Letting God back into the city?

Just begun to read Discovering the Spirit in the City. Even though I’ve only read the first chapter, it’s already started me thinking. Philip Sheldrake writes on ‘Rebuilding the Human City’ – looking at some of the dehumanising forces in modern cities and how we can counteract them. I’m sure he’s right that the city needs humanising, but I think at the same time we’re also divinising it: not making it divine, but recognising again the presence of god and the city’s potential as a place for revealing God to us.

Sheldrake mentions the work of Michel de Certeau, and especially his essay ‘Walking in the City’. Though I’d already read it, I’d done so in purely political terms – I’d never really connected it before with the spirituality of the city. But starting to think in that way, it made me realise what strange and potentially transformative spaces churches are in the life of a city. As environments become more and more controlled: either private, locked, alarmed, or if public, patrolled and photographed – what do you make of an anomalous space that refuses to be either?

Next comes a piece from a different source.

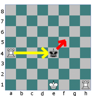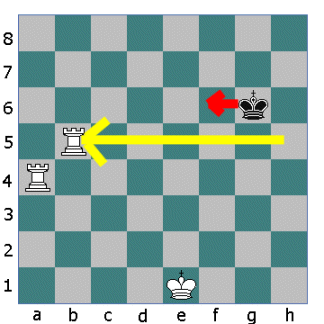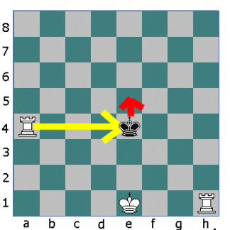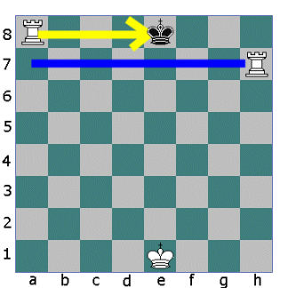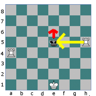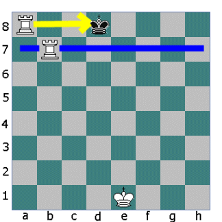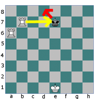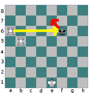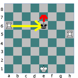 Now the other Rook opens fire. The King cannot move down the board into the fire of the first Rook. He cannot move sideways either so he must move up the board.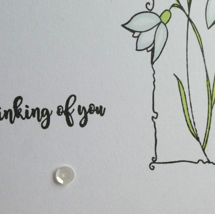 The message Thinking of You has been added on the left hand side, stamped in black archival ink and the design has been completed with 3 white sequins.

A church, for instance, which is open to all comers. No CCTV, no guards, a space open for anyone to come into on their own terms. Somewhere you can wander into and commit small arson in the form of lighting a candle; somewhere you could steal the hymn books if you wanted. Somewhere you can pray in whichever way you feel comfortable, or just go to sleep.

After a long period of consideration, that’s what we did here in Stoke Newington. We know that sometime someone’s going to damage things, but eighteen months in it hasn’t happened yet. What has happened is a constant trickle of people coming and finding to their surprise that they are trusted with our church. One lady has started cleaning the votive candle stand every week – she has no other connection with the congregation.

I hesitate to say it, but I think opening the church is as powerful a witness to the counter-cultural nature of Christian faith as is anything else we do here; and we do it just by failing to lock a couple of doors.